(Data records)
=== Section Start ===

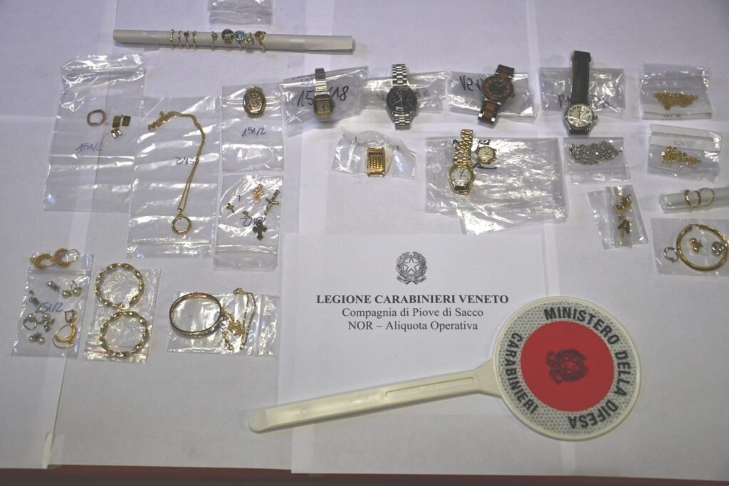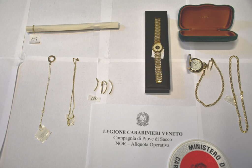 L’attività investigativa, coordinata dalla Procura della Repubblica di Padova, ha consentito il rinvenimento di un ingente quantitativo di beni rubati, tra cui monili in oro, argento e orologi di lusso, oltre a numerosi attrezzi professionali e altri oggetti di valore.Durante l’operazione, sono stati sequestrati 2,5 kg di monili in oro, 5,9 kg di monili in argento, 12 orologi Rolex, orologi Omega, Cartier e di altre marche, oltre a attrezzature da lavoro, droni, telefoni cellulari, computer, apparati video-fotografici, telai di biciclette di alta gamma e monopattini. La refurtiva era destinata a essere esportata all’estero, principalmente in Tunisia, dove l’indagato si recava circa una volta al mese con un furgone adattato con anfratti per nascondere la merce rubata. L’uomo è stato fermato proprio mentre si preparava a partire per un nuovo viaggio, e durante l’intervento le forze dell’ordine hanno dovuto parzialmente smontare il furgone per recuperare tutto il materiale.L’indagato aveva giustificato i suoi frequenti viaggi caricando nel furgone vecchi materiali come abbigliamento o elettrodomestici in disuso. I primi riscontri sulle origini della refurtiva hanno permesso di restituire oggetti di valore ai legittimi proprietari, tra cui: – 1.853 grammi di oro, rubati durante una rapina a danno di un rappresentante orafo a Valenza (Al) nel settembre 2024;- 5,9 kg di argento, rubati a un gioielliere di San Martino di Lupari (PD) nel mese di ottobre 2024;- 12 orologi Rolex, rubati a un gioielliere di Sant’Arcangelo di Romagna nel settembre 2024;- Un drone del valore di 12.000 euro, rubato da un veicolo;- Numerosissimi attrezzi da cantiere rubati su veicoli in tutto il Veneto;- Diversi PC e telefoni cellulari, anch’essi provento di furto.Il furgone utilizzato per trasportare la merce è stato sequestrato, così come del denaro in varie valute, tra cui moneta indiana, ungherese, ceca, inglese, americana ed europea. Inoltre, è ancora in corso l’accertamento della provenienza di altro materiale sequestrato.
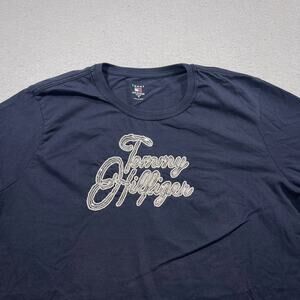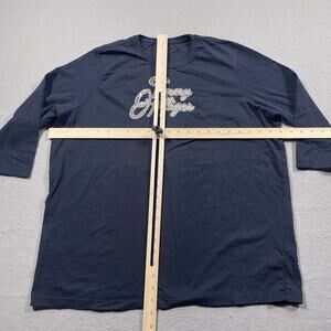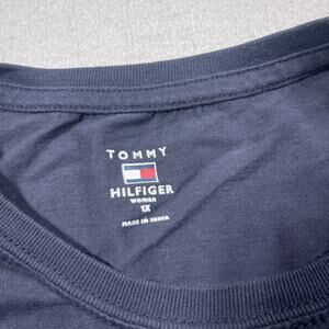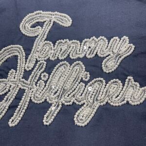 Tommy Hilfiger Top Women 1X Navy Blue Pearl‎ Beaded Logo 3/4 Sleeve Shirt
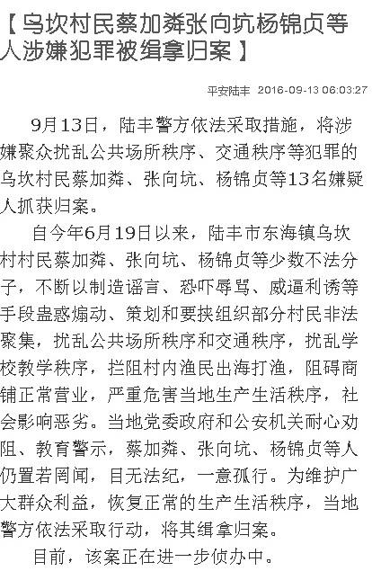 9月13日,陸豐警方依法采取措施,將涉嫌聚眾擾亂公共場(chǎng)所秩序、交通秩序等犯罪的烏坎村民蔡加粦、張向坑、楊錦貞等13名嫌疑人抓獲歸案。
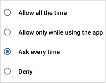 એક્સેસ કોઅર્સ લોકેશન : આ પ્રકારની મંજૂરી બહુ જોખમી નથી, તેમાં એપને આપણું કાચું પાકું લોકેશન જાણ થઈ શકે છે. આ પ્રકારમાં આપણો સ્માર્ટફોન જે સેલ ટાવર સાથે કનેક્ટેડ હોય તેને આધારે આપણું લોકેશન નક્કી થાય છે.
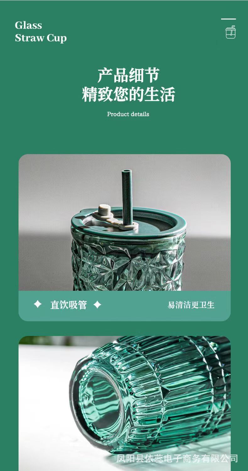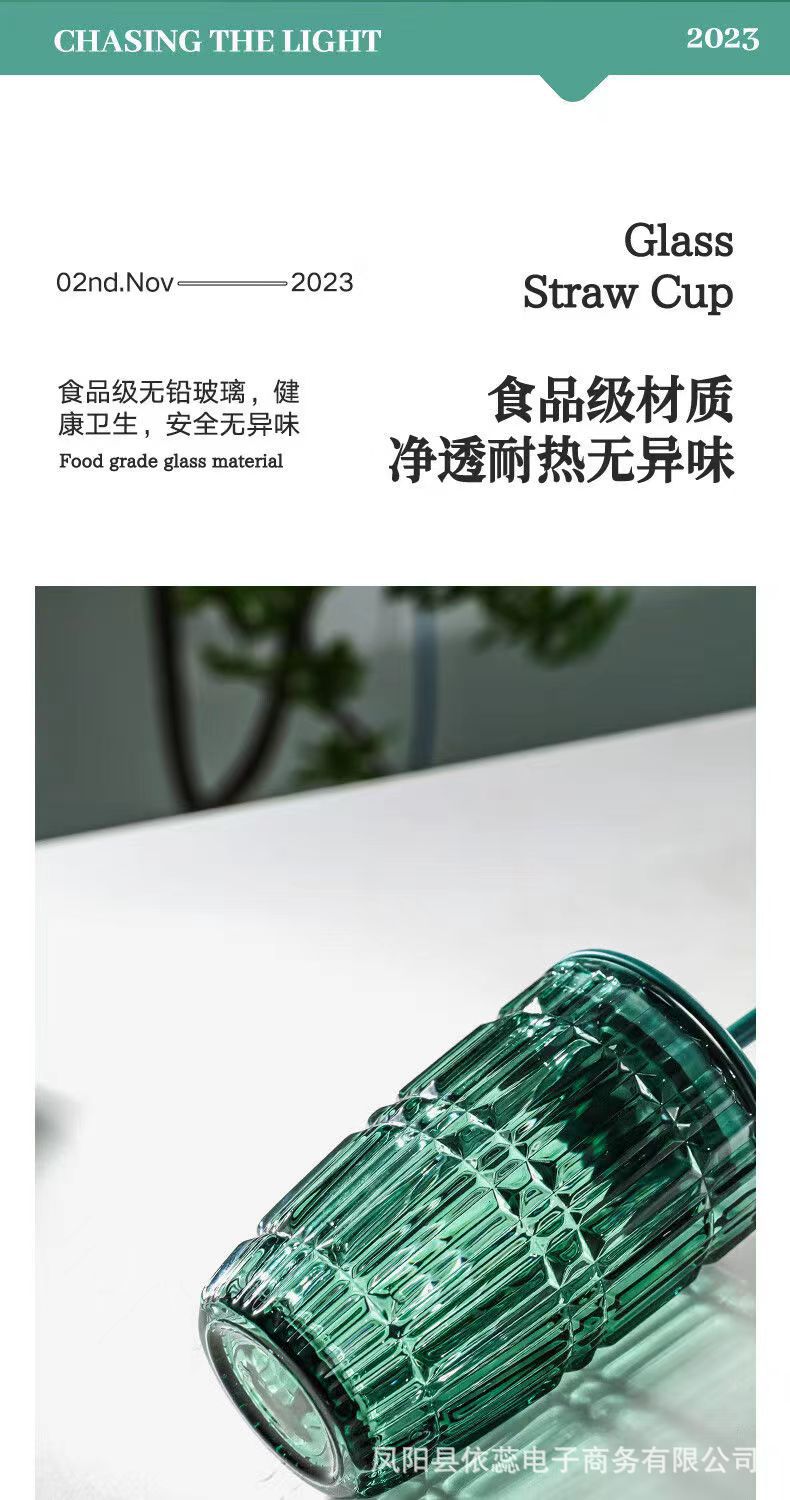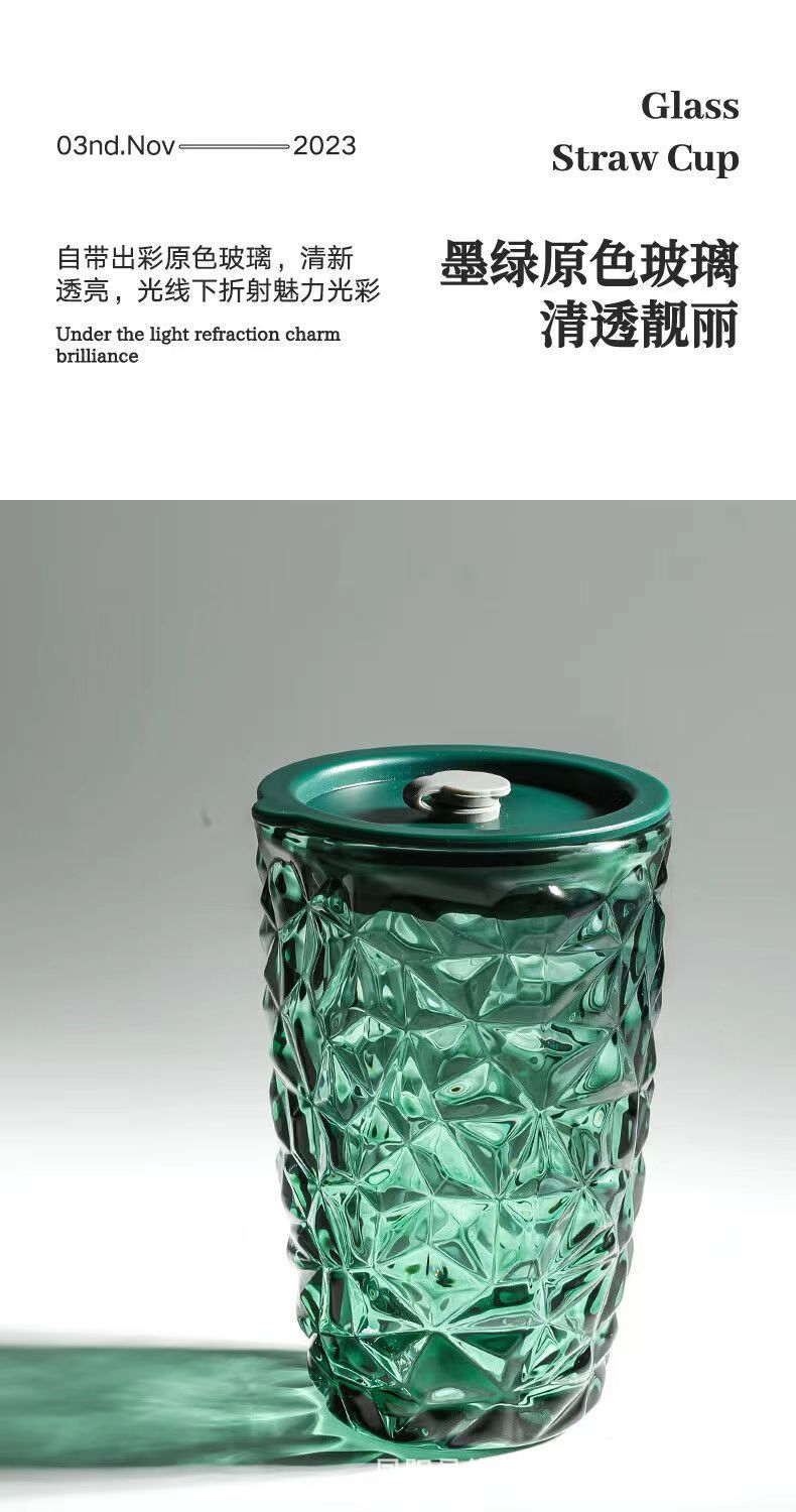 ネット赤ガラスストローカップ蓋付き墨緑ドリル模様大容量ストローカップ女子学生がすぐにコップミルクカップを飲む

=== Section End ===

About this task | Retype precisely, and only, the lines from the one holding "એક્સેસ કોઅર્સ લોકેશન" through the final line of the data above, with the pictures omitted.

Answer to the exercise |
 એક્સેસ કોઅર્સ લોકેશન : આ પ્રકારની મંજૂરી બહુ જોખમી નથી, તેમાં એપને આપણું કાચું પાકું લોકેશન જાણ થઈ શકે છે. આ પ્રકારમાં આપણો સ્માર્ટફોન જે સેલ ટાવર સાથે કનેક્ટેડ હોય તેને આધારે આપણું લોકેશન નક્કી થાય છે.
 ネット赤ガラスストローカップ蓋付き墨緑ドリル模様大容量ストローカップ女子学生がすぐにコップミルクカップを飲む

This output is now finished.